Man riding a bicycle past a car in a driveway with an umbrella in the background.
YOLOv5 inferencing live on video with COCO weights - let's see how to move to custom YOLOv5 weights!

Many thanks to Ultralytics for putting this repository together - we believe that in combination with clean data management tools, this technology will become easily accessible to any developer wishing to deploy computer vision projects in their projects.

We use a public blood cell detection dataset, which you can export yourself. You can also use this tutorial on your own custom data.

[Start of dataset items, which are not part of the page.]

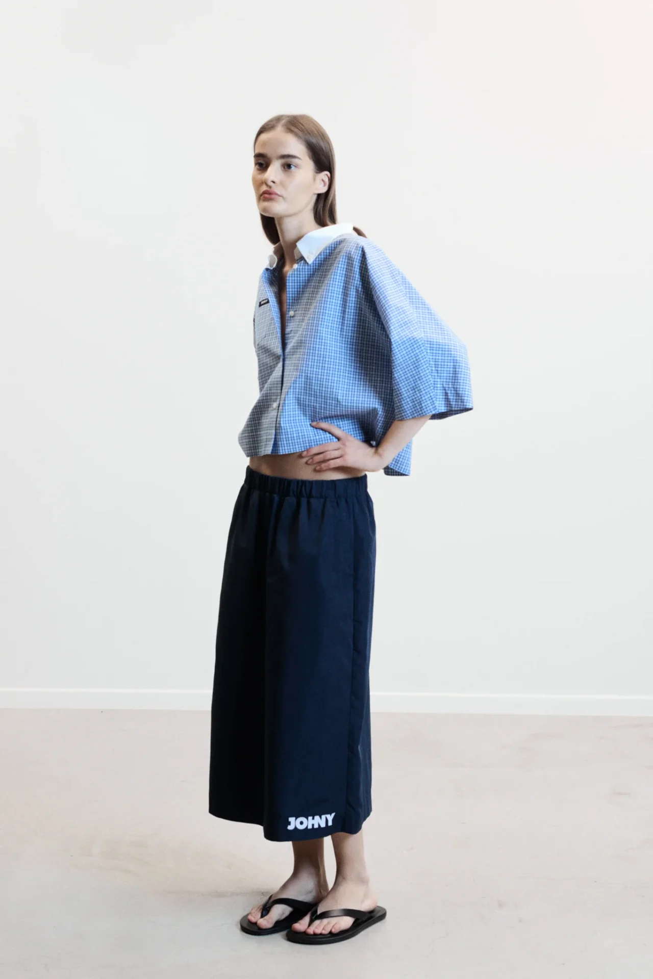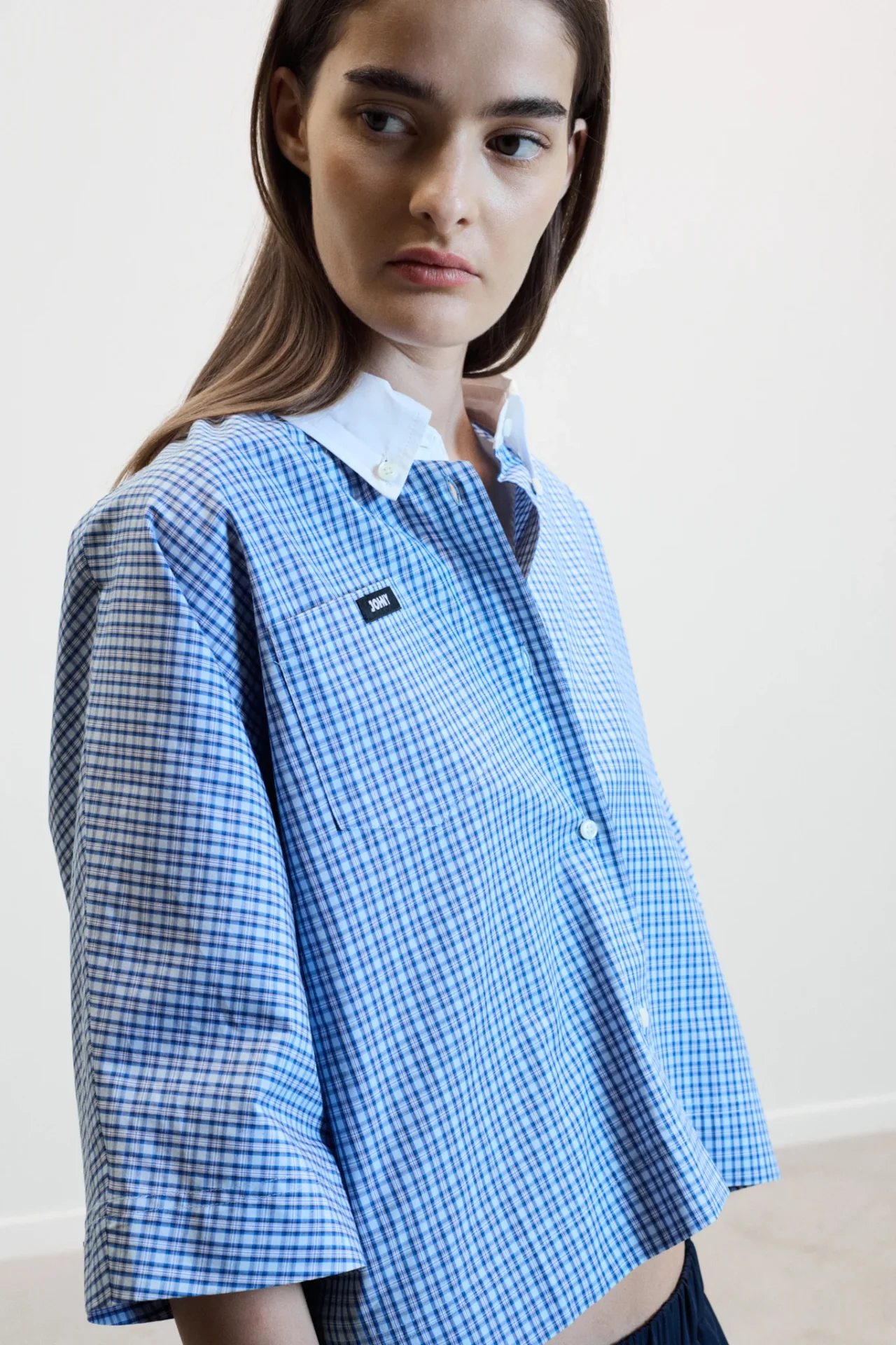De nieuwe collectie van Johny is weer fantastisch. Deze variant heeft een blauw geruit patroon. Op de borst staat het Johny logo en heeft een witte kraag. Hij heeft een cropped silhoutte en korte mouwen.
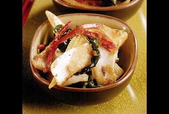 - Ajouter les épinards émincés, assaisonner et poursuivre la cuisson pendant 3 à 4 mn. Déglacer avec la sauce de soja et mélanger bien. Servir sur une salade de chou
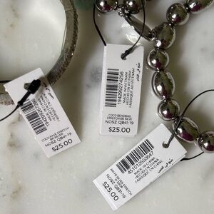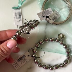 Add instant sparkle and polish to your wrist with this NWT set of 3 silver-tone stretch bracelets from Chico’s.
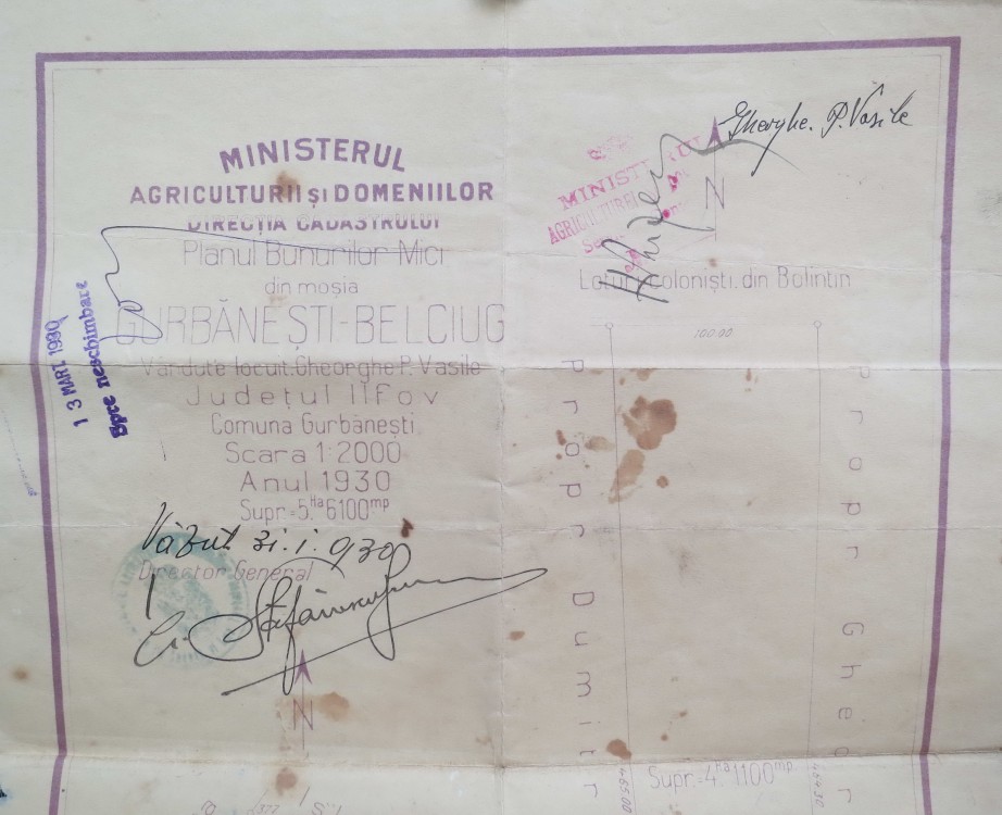 Document de vînzare a unui teren agricol către locuitorul Gheorghe P. Vasile din Comuna Gurbăneşti, Judeţul Ilfov în anul 1930

To train our detector we take the following steps:

  • Install YOLOv5 dependencies
  • Download Custom YOLOv5 Object Detection Data
  • Define YOLOv5 Model Configuration and Architecture
  • Train a custom YOLOv5 Detector
  • Evaluate YOLOv5 performance
  • Visualize YOLOv5 training data
  • Run YOLOv5 Inference on test images
  • Export Saved YOLOv5 Weights for Future Inference

YOLOv5: What's New?

Only two months ago, we were very excited about the introduction of EfficientDet by Google Brain and wrote some blog posts breaking down EfficientDet. We thought this model might eclipse the YOLO family for prominence in the realtime object detection space - we were wrong.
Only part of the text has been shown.